RECLAIMING THE CROSS

I grew up in a mid-western Evangelical church that had an ongoing and profound effect on who I came to be. During these days preceding Easter I have a plethora of memories regarding that theology and the traditional meanings surrounding this season. Some of those memories are sweet in their remembrance, and many are admittedly painful. I recall as a small child staring intently at the enormous cross suspended over the baptismal of the church. I remember the feelings of remorse and shame as early as age seven or eight, and how I prayed to Jesus to forgive me for my part in his atoning death. The glory of a resurrection was lost to me compared to the detailed descriptions of his agonizing death.

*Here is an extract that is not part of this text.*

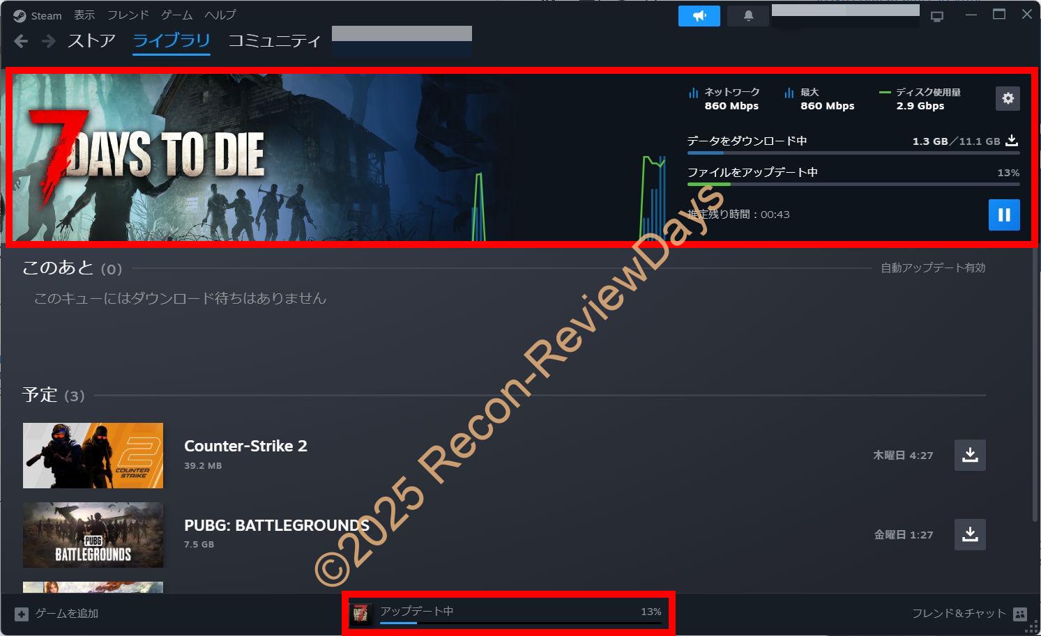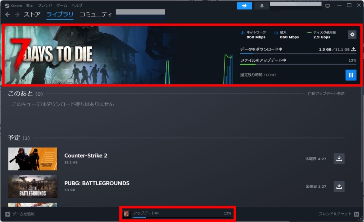 ベータ版の「7 Days to Die」のダウンロードが自動的に始まる

A lot of internal work and integration has gone into seeing this depiction differently, and into my own healing from those deep feelings of shame and personal regret. I now see that the death of this magnificent way-shower was a political reaction to a spiritually empowering message. That message threatened the leaders of the time. Personal empowerment would have meant less dependence on the patriarchy and on the ruling class.

I do not in any way believe in a God-demanded sacrifice or in a vicarious atonement for the sins of the world. Human beings have historically killed those who came to earth with a torch of great Light. It is no different today, except that we do not deify them and connect the murder to a God-ordained act. We do not build a religion around them that often shrouds the beauty of the original message. Though it is by no means exclusive the one thing often missing from the traditional Christian message is the overarching gospel of the love he came to teach.

For me the power of Easter is in reclaiming the cross and in the deeper meaning of the symbols of this profound season. This Holy week for me is an opportunity to look more deeply within myself at the energy patterns of crucifixion and resurrection. The pattern of crucifixion is resistance, and the releasing of the resistance results in resurrection. It is a process that does not happen in my head. It happens in my heart and in my body. It is the Christ pattern literally happening in me. It is not historical. It is personal. It is devoid of shame and pregnant with Divine potential.

I was tormented in childhood by the image of that huge cross. Today I have reclaimed it. I know it well. I hung on my self-imposed cross for years. And now I am free. I am resurrected. And at times I nail myself back to the forces of the world, and I once again must die to self. It is a pattern that gets repeated daily. But the Power of the risen Christ is within me; because I am atone with It. That is my own personal Easter. It is that I celebrate this week.